Говоритъ онъ это и сердито и печально, что видимо поражаетъ почтмейстершу. Она почти невольно поднимаетъ голову, и глаза ея на секунду останавливаются на измѣнившемся лицѣ Ломбара. Она переписывала сегодня утромъ телеграмму Жана и, какъ женщина проницательная, безъ сомнѣнія отчасти угадываетъ то что происходитъ въ душѣ Евсевія. По крайней хѣрѣ онъ это вообразилъ себѣ, и подъ быстрымъ яснымъ женскимъ взоромъ смущеніе его еще болѣе увеличивается. Она также смущается за свой нѣсколько смѣлый взглядъ, щеки ея покрываются легкимъ румянцемъ, и она какъ-то нервно принимается писать. Но ея блѣдныя уста приняли выраженіе состраданія. Она сама какъ видно много страдала и потому понимаетъ страданія другихъ; оторвавъ отъ книги красную квитанцію, она подаетъ ее Евсевію и снова бросаетъ на него взглядъ, на этотъ разъ добрый и мягкій. Затѣмъ окошечко захлопывается, и грустное симпатичное лицо исчезаетъ за тусклымъ стекломъ, а Евсевій, глубоко удивленный тѣмъ что его дурное настроеніе разсѣялось, идетъ и бросаетъ свое письмо въ почтовый ящикъ.

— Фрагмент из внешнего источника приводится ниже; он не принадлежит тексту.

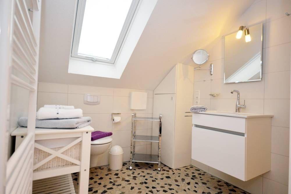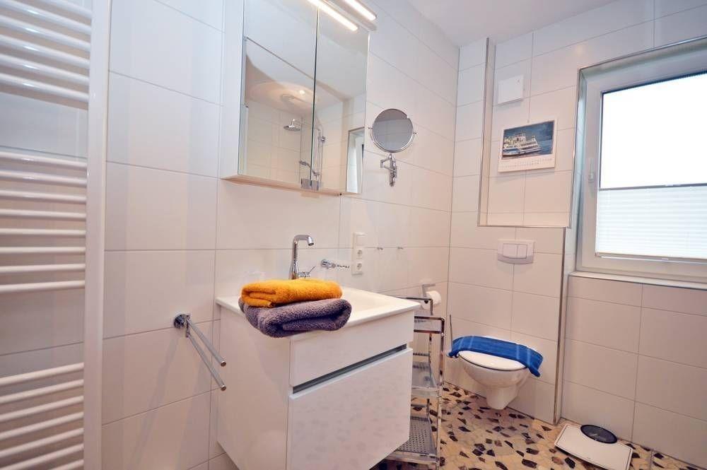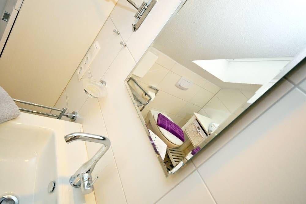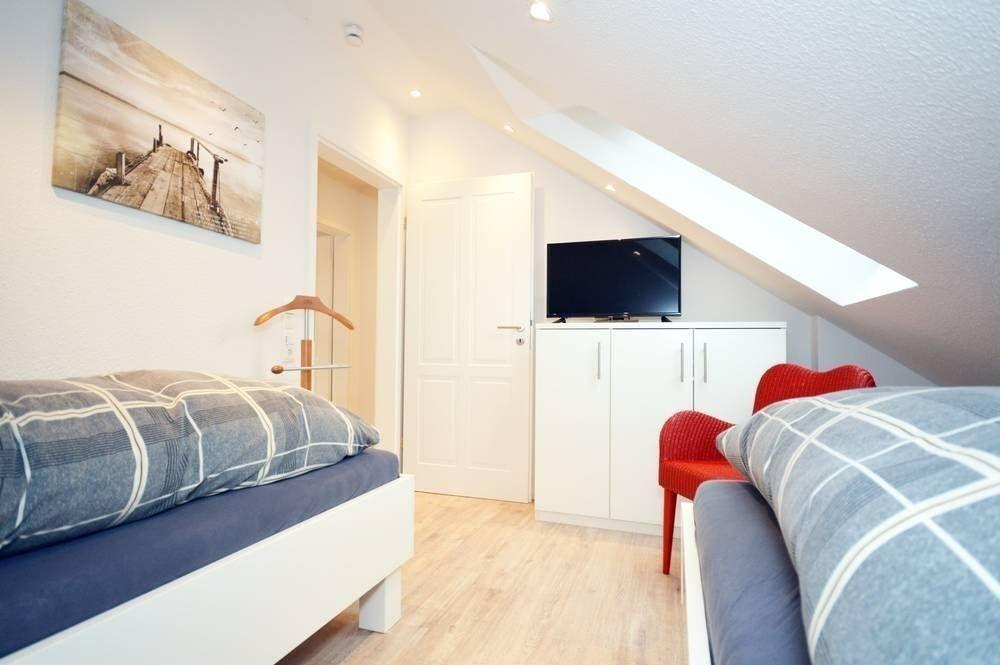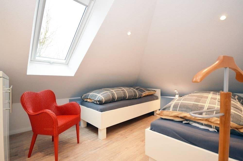 Im OG sind zwei weitere Schlafzimmer; jeweils mit Einzelbetten und einem weiteren Duschbad.
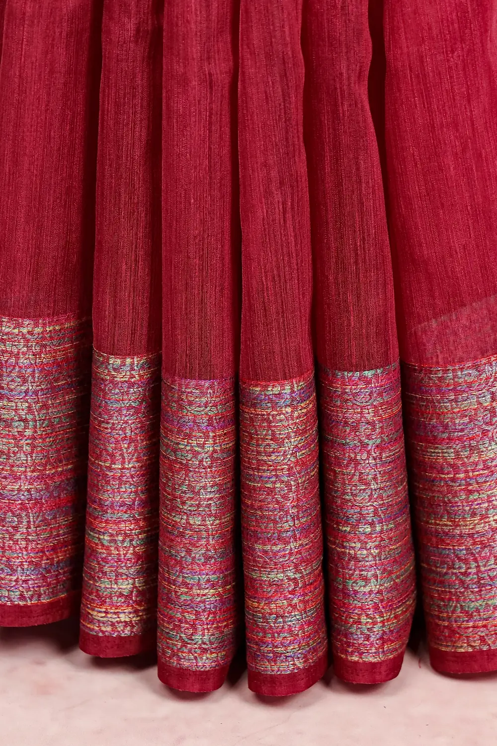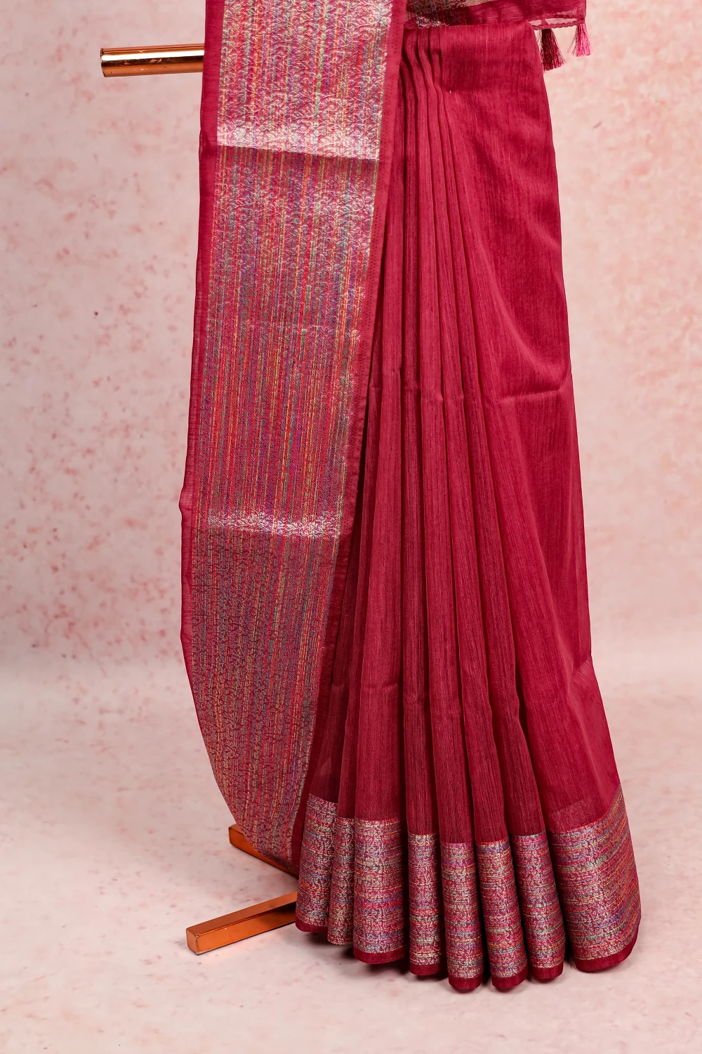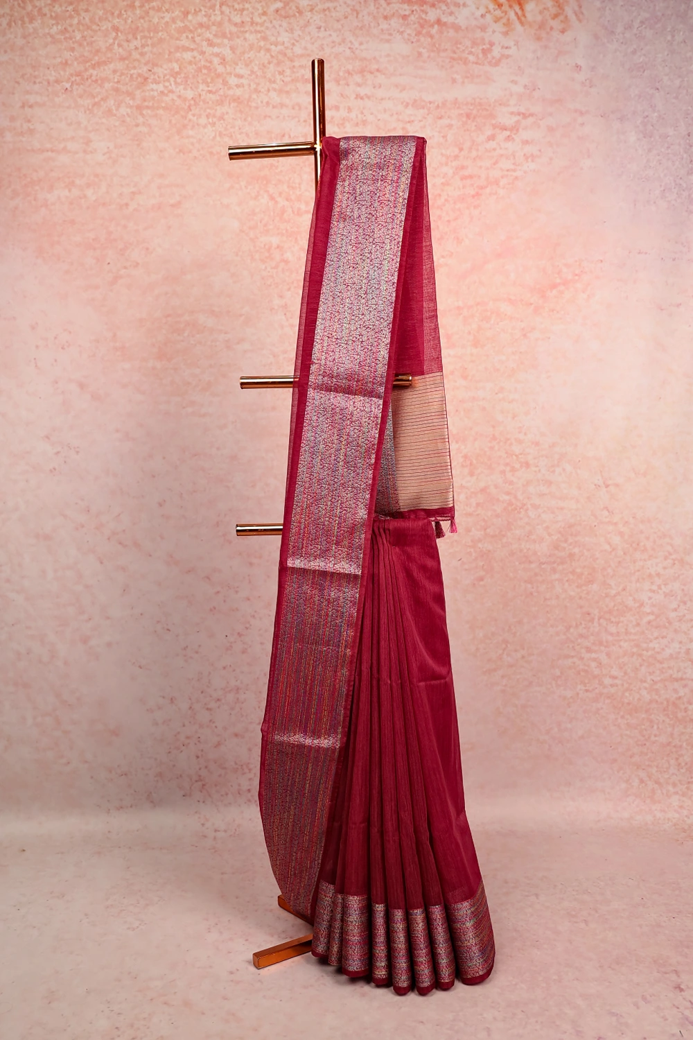 Wine Semi Jute Plain Body Saree with Designer Border. Includes Unstitched Blouse.

Пять часовъ вечера. Окончивъ свои служебныя занятія, Евсевій сбираетъ бумаги и вздыхаетъ съ глубокимъ облегченіемъ. Потомъ онъ вспоминаетъ что часъ уже поздній и спѣшитъ изъ дома чтобы вовремя придти въ почтовую контору. На дворѣ еще стоитъ полуденная лѣтняя жара, но на главной улицѣ, гдѣ всѣ дома высокіе, уже ложатся тѣни, и обыватели начинаютъ отворять окна, чтобы подышать прохладой которую несетъ приближающійся вечеръ; на ступенькахъ входной лѣстницы ребятишки уже принимаются за игры, а надъ аспидными крышами домовъ носятся и щебечутъ ласточки. Евсевій приходитъ на мрачную улицу, гдѣ находится почтовая контора; его опасенія оправдались, окошечко уже заперто. Но ему необходимо чтобъ отчетъ его пошелъ съ вечернею почтой непремѣнно сегодня же, и онъ рѣшается позвонить у дверей почтовой конторы. Гжа Доранакъ, почтмейстерша, сама отпираетъ ему дверь. Ея грустные, усталые глаза привѣтливо сіяютъ при видѣ подателя денежнаго письма, адресованнаго въ Гавръ.

— Извините, ради Бога, съ самымъ заискивающимъ оттѣнкомъ въ голосѣ говоритъ Евсевій, — я знаю что часъ пріема писемъ уже прошелъ, но дѣло идетъ о мѣсячномъ отчетѣ, а администрація шутить не любитъ и требуетъ крайней аккуратности.

— Ахъ, какъ вы счастливы, со вздохомъ отвѣчаетъ она, — что покончили уже со своимъ отчетомъ! Я же совсѣмъ теряю голову. Я совсѣмъ новичекъ въ своей должности и страшно путаюсь въ длинныхъ столбцахъ цифръ…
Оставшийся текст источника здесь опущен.